Because our team is all over the world, we use a lot of tools to help us communicate and work asynchronously. We use Trello to manage projects and tasks, Zoom for team meetings, Slack all day every day, Google Sheets, and Google Docs for collaboration. I have really good project managers that know how to work as a dispersed team and we get a lot of work done with around a dozen people - plus me.

I use Infusionsoft, Wordpress as well as LearnDash for our Learning Management System, memberships, and courses. Honestly, there are so many tools we use and experiment to count, however, these are our core systems that my team uses on a daily and/or weekly basis.

What have been the most influential books, podcasts, or other resources?

My favorite book of all time is by Chris Voss and is Never Split the Difference. This is a book on negotiation, conversation, and building relationships. It has been key in how I talk to my community and in how I work with our clients and partners. I used to think that negotiation was a win vs. lose situation but now I work to find a win/win for both parties.

Last year while quarantining at home, I decided to work towards earning my NLP (neuro-linguistic programming) certification with Katie Raver. I believe to be the best leader, coach, and mentor, I have to have my own personal shit together to be able to fully support and show up for my community and team. It has been a major key to my huge growth and business shift.

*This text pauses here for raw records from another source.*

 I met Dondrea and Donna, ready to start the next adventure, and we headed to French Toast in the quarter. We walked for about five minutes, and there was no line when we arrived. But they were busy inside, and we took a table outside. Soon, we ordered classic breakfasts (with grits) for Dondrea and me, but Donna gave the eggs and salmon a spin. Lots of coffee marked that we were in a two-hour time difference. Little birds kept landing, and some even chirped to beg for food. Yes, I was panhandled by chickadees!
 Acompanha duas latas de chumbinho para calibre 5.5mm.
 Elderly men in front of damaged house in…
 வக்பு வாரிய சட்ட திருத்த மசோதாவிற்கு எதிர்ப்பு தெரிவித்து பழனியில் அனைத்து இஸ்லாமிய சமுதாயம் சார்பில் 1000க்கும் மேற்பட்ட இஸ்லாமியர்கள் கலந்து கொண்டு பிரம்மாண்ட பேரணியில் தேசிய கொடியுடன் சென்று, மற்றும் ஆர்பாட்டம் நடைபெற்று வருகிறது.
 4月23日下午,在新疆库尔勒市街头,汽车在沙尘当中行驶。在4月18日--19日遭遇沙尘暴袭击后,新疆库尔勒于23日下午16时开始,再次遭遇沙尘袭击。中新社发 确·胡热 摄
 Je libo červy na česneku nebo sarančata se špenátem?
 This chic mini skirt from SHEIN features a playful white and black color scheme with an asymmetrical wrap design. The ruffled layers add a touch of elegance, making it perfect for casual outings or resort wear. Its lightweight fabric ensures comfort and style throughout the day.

Find things that you are intuitively drawn to as a person and look for a way to integrate them into your business and how you lead and grow your team. It makes it easier to learn and more fun along the way.

Advice for other entrepreneurs who want to get started or are just starting out?

Most founder stories are not the fairytales you read and hear. They start years or even decades before. Launching a business takes a solid plan, support team, and a lot of starts and stops along the way, but it is your own story so I would encourage you not to compare yours to other entrepreneurs. It wasn’t easy, but I learned, was consistent, and stuck with it. I started a family at the beginning of my journey. I stepped away from my business for a period of time. I experienced great loss and depression, but I woke up each day knowing what was important for me. This helped me step back into and grow my business into what you see today.

The most important thing is focusing on your personal development and listening to your customers along with having a great support team to bring your vision to life. You don’t need funding to launch a product or service. Just a good idea that others are excited about and willing to buy. I can’t stress this enough. You are not doing this alone and that support team extends to your spouse, your friends, family, and beyond.